Pictures stay out; everything else in the listing below is to be restated word for word.

*INFORMATION PROVIDED*:
========================================

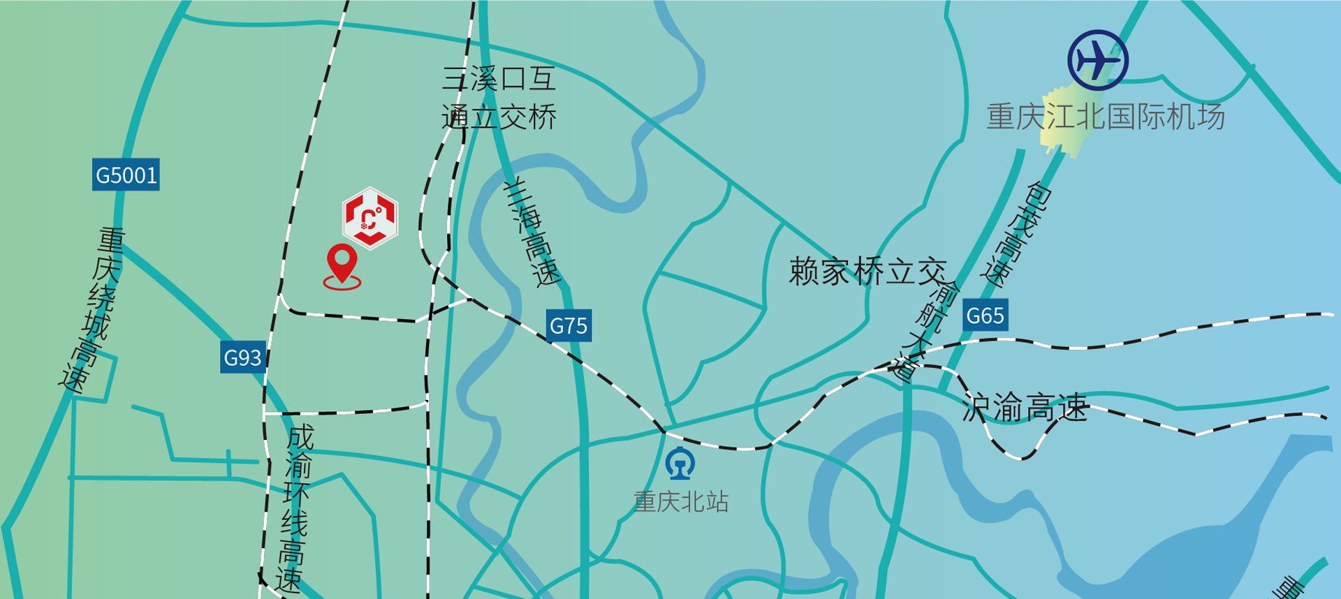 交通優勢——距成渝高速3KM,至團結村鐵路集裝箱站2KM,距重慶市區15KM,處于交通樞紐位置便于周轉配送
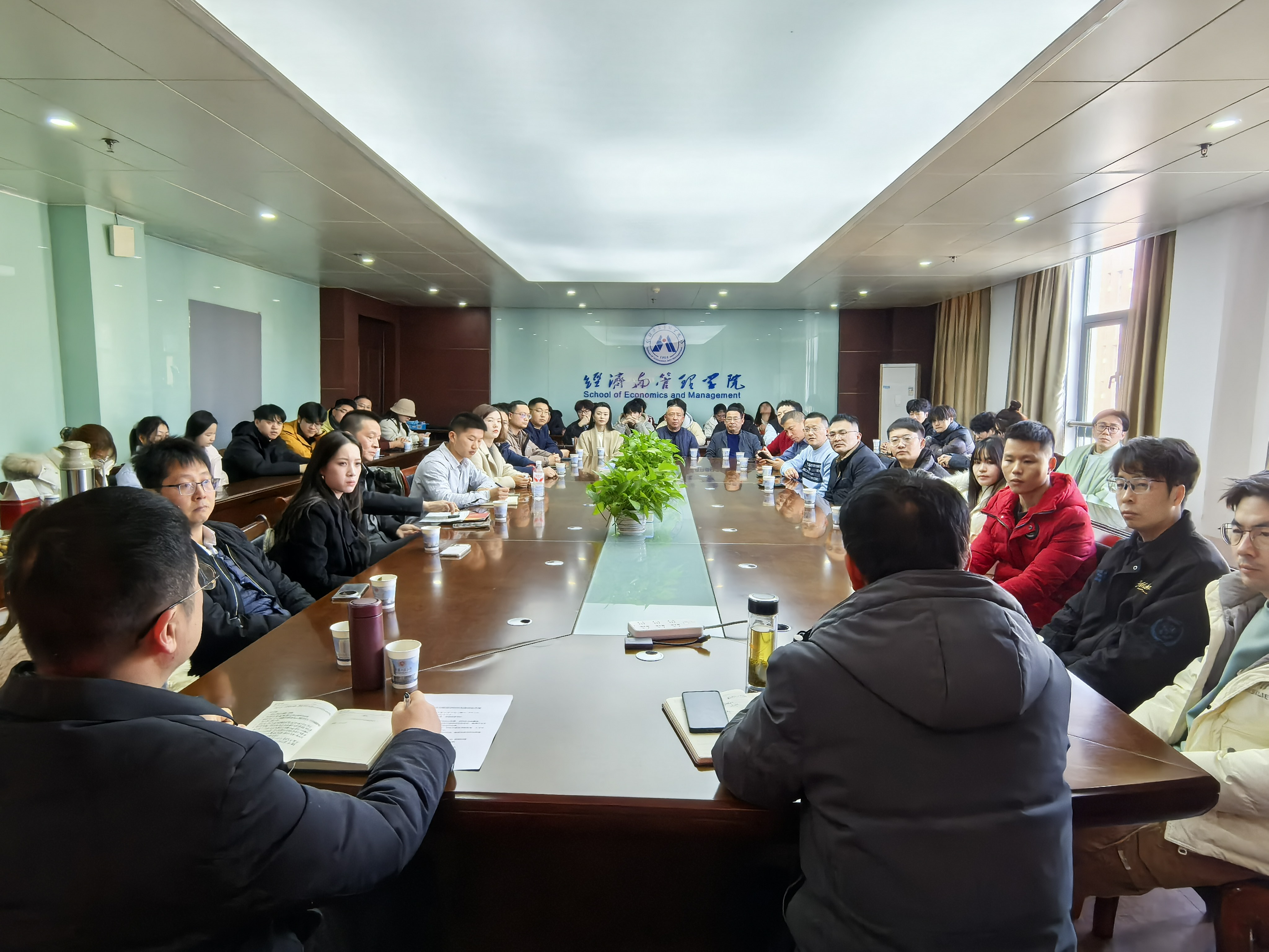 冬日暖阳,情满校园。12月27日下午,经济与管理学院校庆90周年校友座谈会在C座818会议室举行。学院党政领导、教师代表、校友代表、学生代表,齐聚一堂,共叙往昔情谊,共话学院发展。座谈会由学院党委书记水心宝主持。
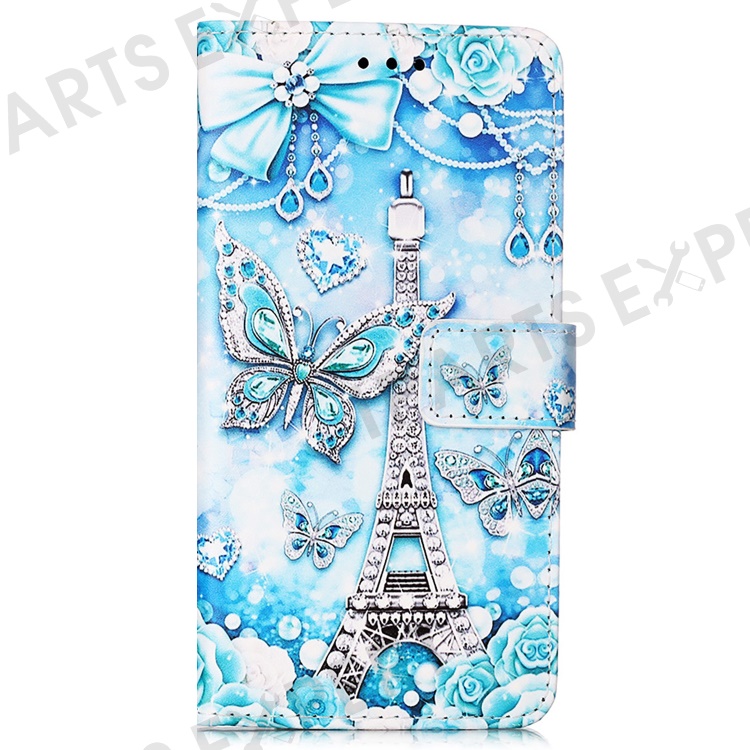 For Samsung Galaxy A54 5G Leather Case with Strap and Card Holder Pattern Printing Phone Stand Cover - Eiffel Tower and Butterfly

========================================

*SOLUTION FOR THIS EXERCISE*:
 交通優勢——距成渝高速3KM,至團結村鐵路集裝箱站2KM,距重慶市區15KM,處于交通樞紐位置便于周轉配送
 冬日暖阳,情满校园。12月27日下午,经济与管理学院校庆90周年校友座谈会在C座818会议室举行。学院党政领导、教师代表、校友代表、学生代表,齐聚一堂,共叙往昔情谊,共话学院发展。座谈会由学院党委书记水心宝主持。
 For Samsung Galaxy A54 5G Leather Case with Strap and Card Holder Pattern Printing Phone Stand Cover - Eiffel Tower and Butterfly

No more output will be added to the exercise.